=== Section Start ===
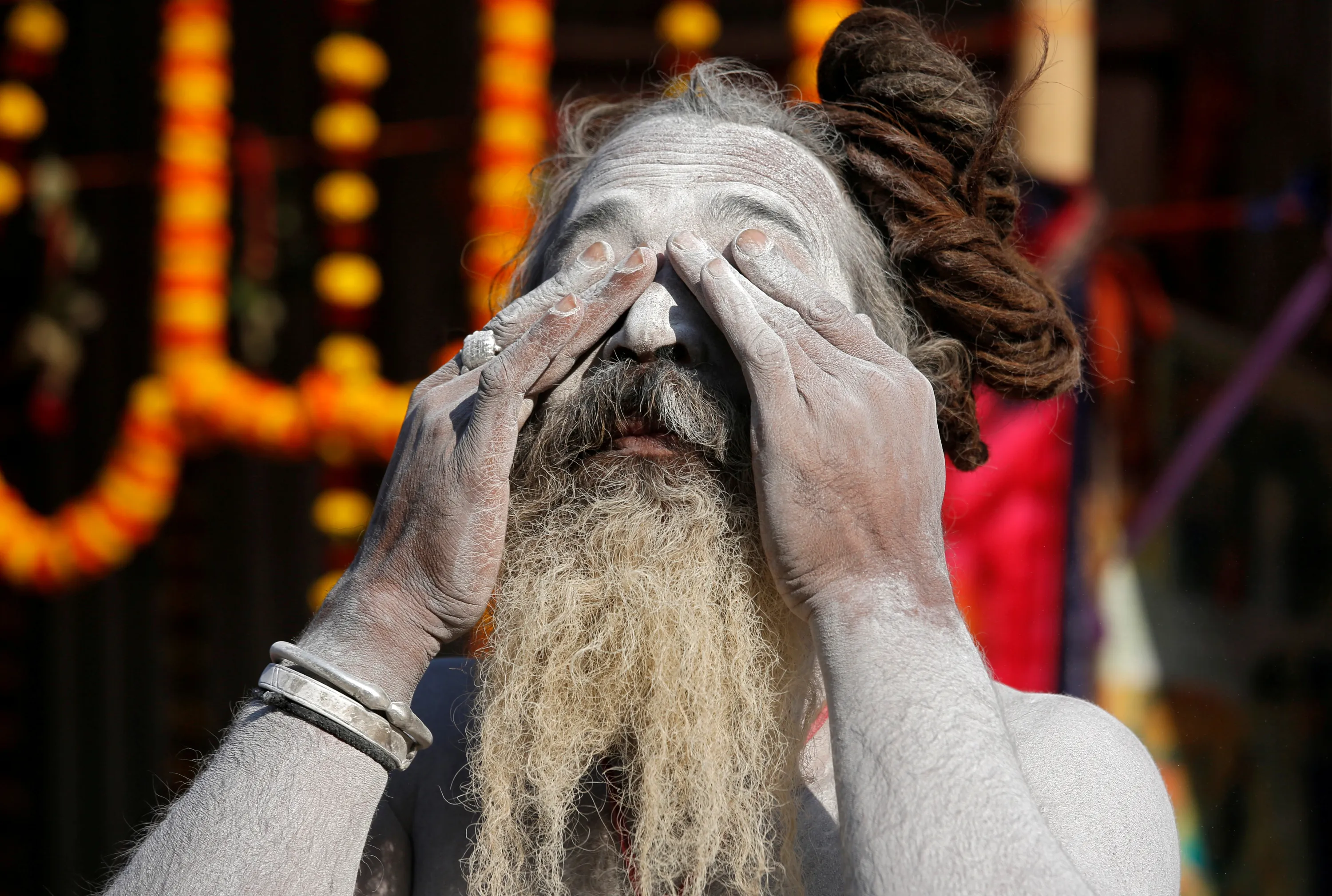 A Sadhu or a Hindu holy man applies ash on his face at a makeshift shelter before heading for an annual trip to Sagar Island for the one-day festival of “Makar Sankranti”, in Kolkata, India, January 7, 2019. (Photo by Rupak De Chowdhuri/Reuters)
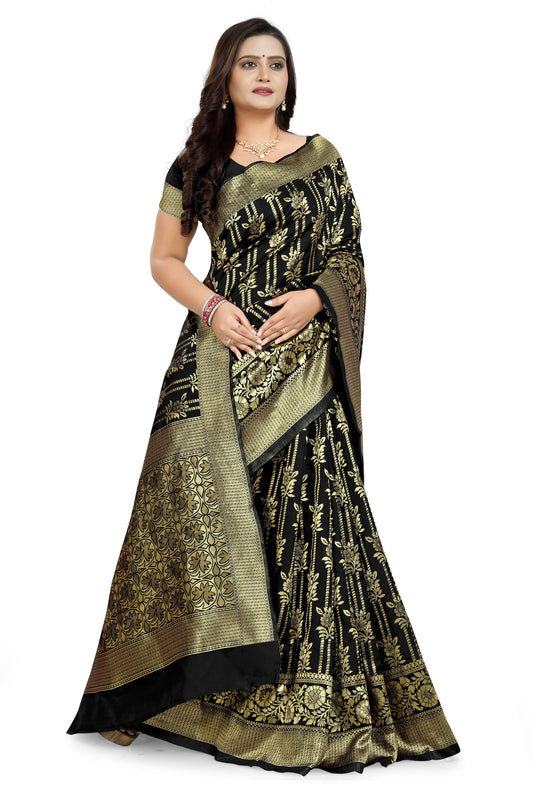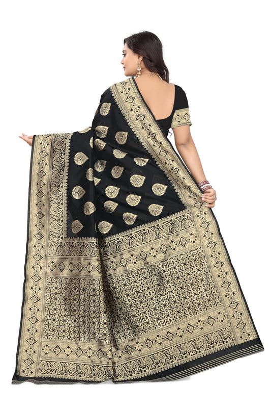 Dhiyona GR Women's Ghazal Classic Couture Black Cotton Jamdani Saree
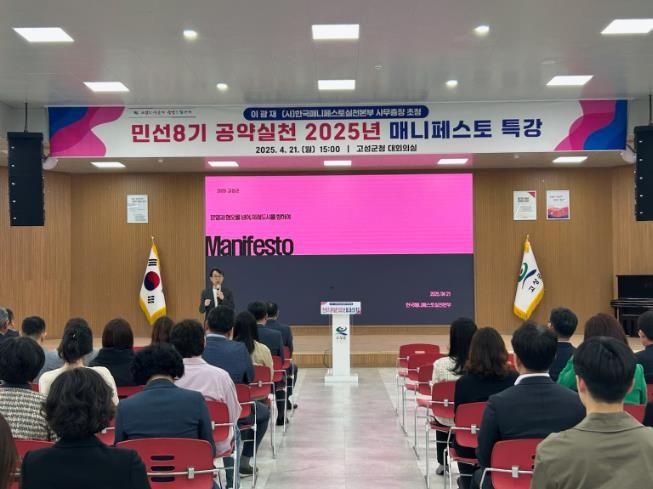 [경남도민뉴스=김태수 기자] 고성군은 4월 21일 군청 대회의실에서 매니페스토에 대한 이해와 실천 역량 강화로 공약사업을 성공적으로 추진하기 위해 공약사업 담당 공무원 100여 명을 대상으로 ‘민선8기 공약실천 2025년 매니페스토 특강’을 개최했다.
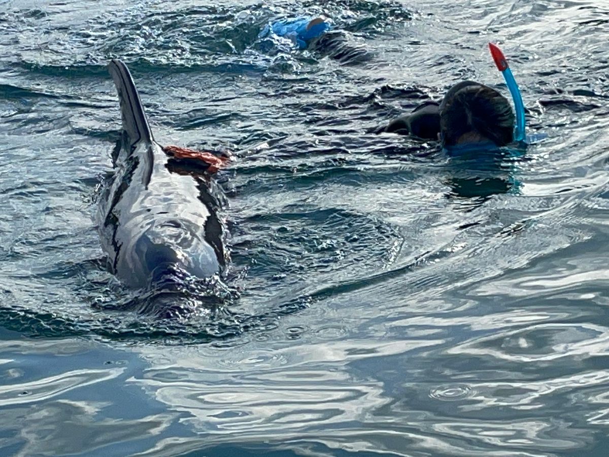 イルカに触ったことはあったけど、捕まって泳いだことがなく、申し込みました。
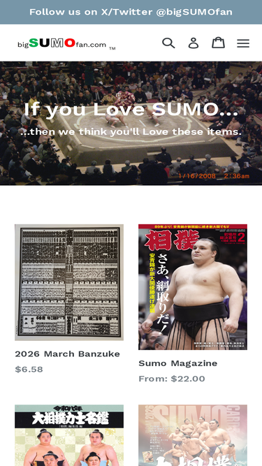 86%Official Japanese Sumo Wrestling calendar, banzuke, trading cards, bumper stickers, bumper magnets, hats, t-shirts, tegata, coffee mugs, souvenirs, and other SUMO merchandise for sale from the US.
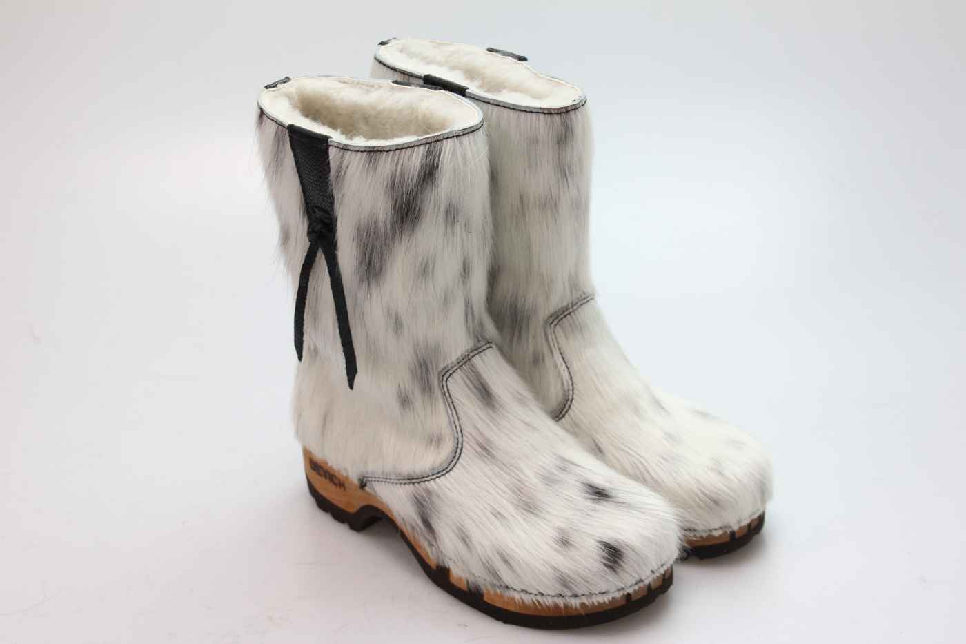 Bequemer Schlüpfstiefel aus Rindfell, mit beweglicher Holzsohle. Die Innenseite ist mit hochwertigem, echtem Schaffell verarbeitet.
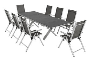 KETTLER Exklusivmodell BasicPlus 2026 Garten-Essgruppe, silber/anthrazit, Alu/Textilene, Spraystone-Tischplatte 180/280 x 100 cm, 8 Klappstühle
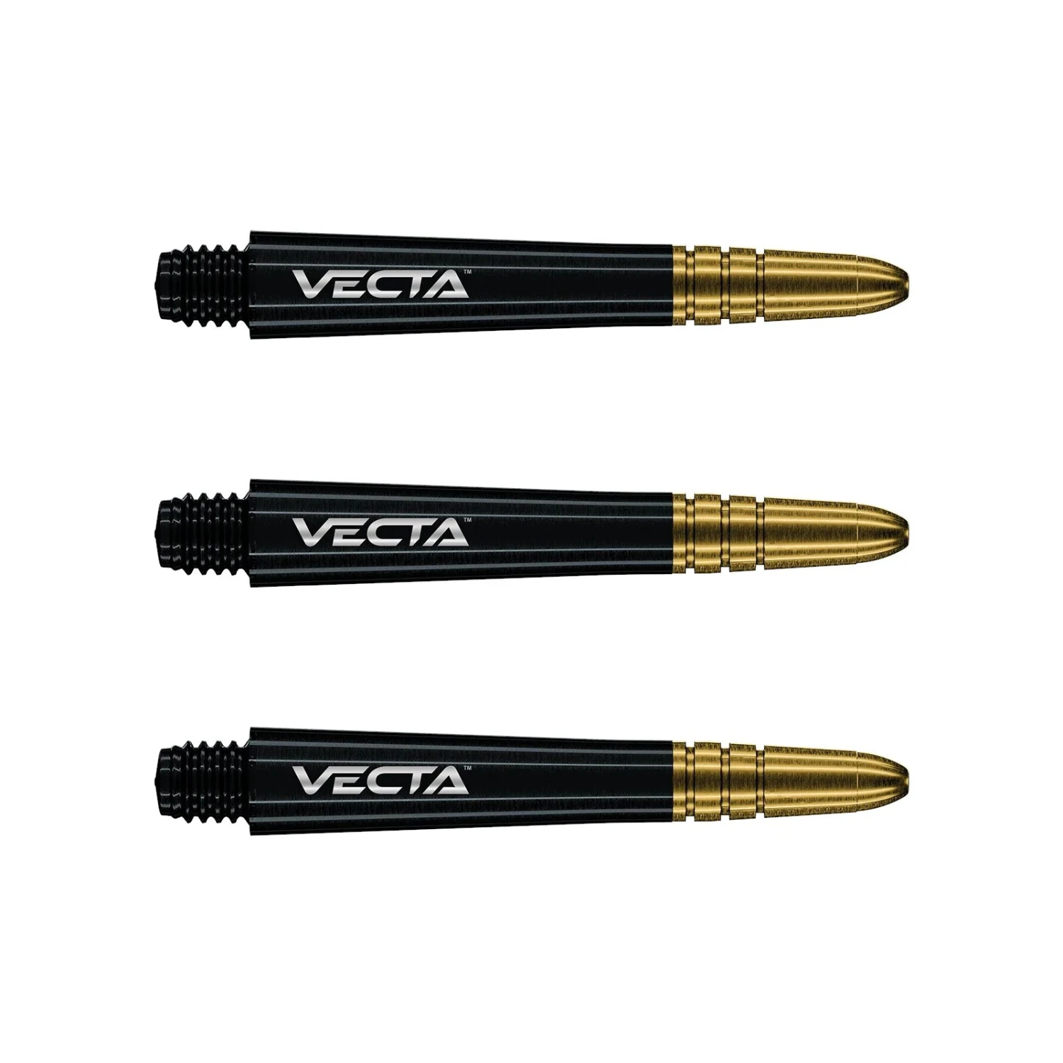 Winmau Vecta Intermediate Black Gold Polycarbonate Dart Stems – Tour Calibre composite shafts combine a high impact Polycarbonate body fused with low density aluminium alloy tips. Streamlined, profiled and machined with extra deep slots for ultimate flight retention. Tested by Winmau professional players, the new Vecta shafts provide ultimate in-flight stability.
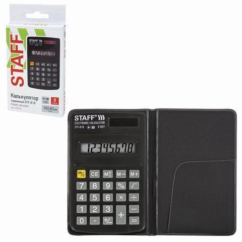 Калькулятор карманный STAFF STF-818, 8 разрядов, двойное питание, 102х62мм купить оптом и в розницу в Казани
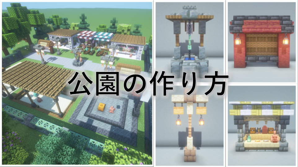 公園だけでなく庭の装飾としても使えそうなシンプルな井戸デザインです。光源としても使えるように、光源系アイテム(ランタン・エンドロッド等)を設置しています。
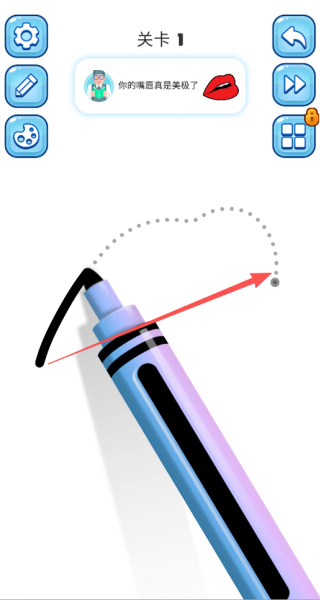 1、点击拿起画笔,然后沿着虚线进行绘画就可以了,直至终点。
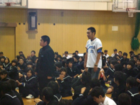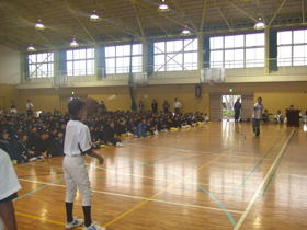 また、全校生徒の前で野球部員と女子ソフトボール部員の生徒を対象に大塚氏が基本指導を行い、大変楽しい時間を過ごし、大塚氏もたくさんの元気を部員からもらっておりました。
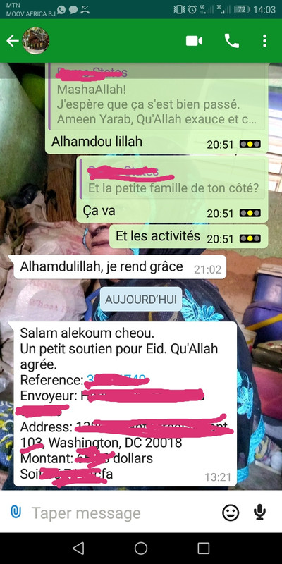 Alhamdou lillah le lendemain juste après le Salam de la prière de Djoum’an, j’ai eu ce message notifiant une aide financière pour l’aide.
=== Section End ===
Work to complete: Please reproduce the entries from above exactly; images are not part of the copy.

Result below:
 A Sadhu or a Hindu holy man applies ash on his face at a makeshift shelter before heading for an annual trip to Sagar Island for the one-day festival of “Makar Sankranti”, in Kolkata, India, January 7, 2019. (Photo by Rupak De Chowdhuri/Reuters)
 Dhiyona GR Women's Ghazal Classic Couture Black Cotton Jamdani Saree
 [경남도민뉴스=김태수 기자] 고성군은 4월 21일 군청 대회의실에서 매니페스토에 대한 이해와 실천 역량 강화로 공약사업을 성공적으로 추진하기 위해 공약사업 담당 공무원 100여 명을 대상으로 ‘민선8기 공약실천 2025년 매니페스토 특강’을 개최했다.
 イルカに触ったことはあったけど、捕まって泳いだことがなく、申し込みました。
 86%Official Japanese Sumo Wrestling calendar, banzuke, trading cards, bumper stickers, bumper magnets, hats, t-shirts, tegata, coffee mugs, souvenirs, and other SUMO merchandise for sale from the US.
 Bequemer Schlüpfstiefel aus Rindfell, mit beweglicher Holzsohle. Die Innenseite ist mit hochwertigem, echtem Schaffell verarbeitet.
 KETTLER Exklusivmodell BasicPlus 2026 Garten-Essgruppe, silber/anthrazit, Alu/Textilene, Spraystone-Tischplatte 180/280 x 100 cm, 8 Klappstühle
 Winmau Vecta Intermediate Black Gold Polycarbonate Dart Stems – Tour Calibre composite shafts combine a high impact Polycarbonate body fused with low density aluminium alloy tips. Streamlined, profiled and machined with extra deep slots for ultimate flight retention. Tested by Winmau professional players, the new Vecta shafts provide ultimate in-flight stability.
 Калькулятор карманный STAFF STF-818, 8 разрядов, двойное питание, 102х62мм купить оптом и в розницу в Казани
 公園だけでなく庭の装飾としても使えそうなシンプルな井戸デザインです。光源としても使えるように、光源系アイテム(ランタン・エンドロッド等)を設置しています。
 1、点击拿起画笔,然后沿着虚线进行绘画就可以了,直至终点。
 また、全校生徒の前で野球部員と女子ソフトボール部員の生徒を対象に大塚氏が基本指導を行い、大変楽しい時間を過ごし、大塚氏もたくさんの元気を部員からもらっておりました。
 Alhamdou lillah le lendemain juste après le Salam de la prière de Djoum’an, j’ai eu ce message notifiant une aide financière pour l’aide.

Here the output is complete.